How to Measure or Detect Echo Cancellation
Measure echo cancellation by joining audio, timing, transcript, and outcome signals:
AudioQualityEvaluator: FutureAGI evaluator for whether captured or generated speech is usable enough to trust downstream scoring.ASRAccuracy: companion evaluator for whether residual echo caused speech-to-text substitutions, insertions, or deletions.- Self-transcription rate: percentage of caller transcript tokens that match recent agent TTS segments during agent-only playback.
- False voice activity: VAD events fired while only the agent should be speaking, sliced by device, browser, codec, and room condition.
- Dashboard signals: audio-quality fail rate, word error rate, turn-overlap duration, repeated correction rate, escalation rate, and p99 turn latency.
from fi.evals import AudioQualityEvaluator, ASRAccuracy
audio_eval = AudioQualityEvaluator()
asr_eval = ASRAccuracy()
audio_score = audio_eval.evaluate(audio_path=call_audio).score
asr_score = asr_eval.evaluate(audio_path=call_audio, ground_truth=reference).score
print(audio_score, asr_score)
Do not stop at a pass/fail media flag. The real question is whether residual echo changed the transcript, turn policy, tool action, or final caller outcome.
Common Mistakes
Most echo bugs come from assuming the media stack solved the issue before the agent ever saw the call.
- Treating
echoCancellation: trueas proof. Device drivers, browser paths, SIP bridges, and speaker volume still change residual echo. - Testing only with headphones. Speakerphones, conference rooms, mobile loudspeaker mode, and car Bluetooth create the worst leakage.
- Scoring cleaned transcripts only. You miss the timing evidence that proves the caller never said the echoed phrase.
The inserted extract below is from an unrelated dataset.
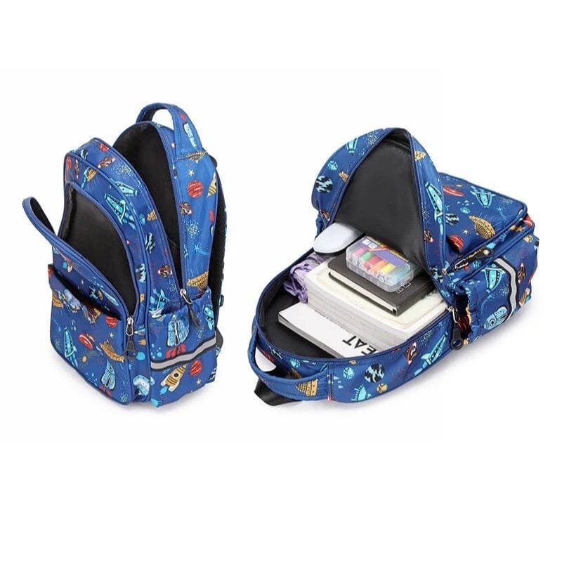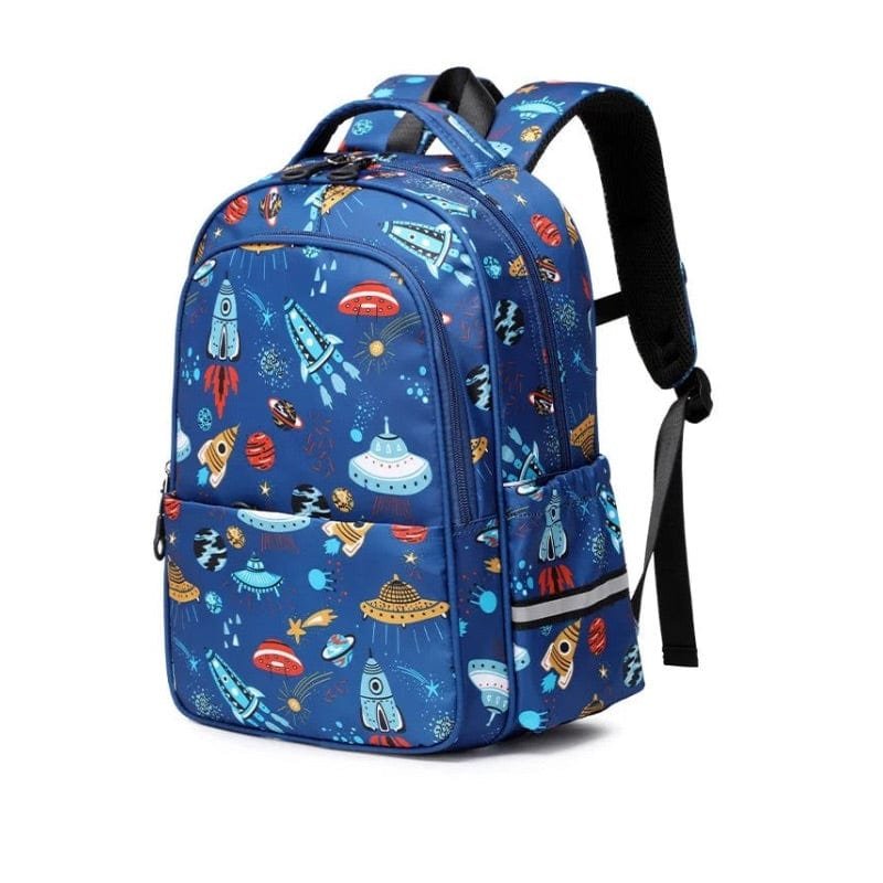 Den unika rymddesignen med raketer, planeter och UFO:n ger ryggsäcken en kreativ och rolig look som snabbt blir barnens favorit. Den passar perfekt för både skolan och utflykter.

- Tuning noise suppression alone. Noise suppression reduces background sound; echo cancellation subtracts known playback from the microphone stream.
- Ignoring double-talk. Aggressive cancellation can suppress the caller exactly when they interrupt a speaking agent.
Frequently Asked Questions
What is echo cancellation in voice AI?
Echo cancellation removes the voice agent's playback from the microphone path so ASR hears the caller instead of a delayed copy of the agent. FutureAGI treats it as an upstream audio condition that affects audio quality, transcription, turns, and call outcomes.
How is echo cancellation different from noise suppression?
Echo cancellation subtracts known playback audio from microphone input. Noise suppression reduces unrelated background sound such as fans, traffic, keyboard clicks, or room noise.
How do you measure echo cancellation?
Use captured audio, turn-event traces, AudioQualityEvaluator, ASRAccuracy, and user-outcome signals such as self-transcription rate, false voice activity, repeated corrections, and escalation rate.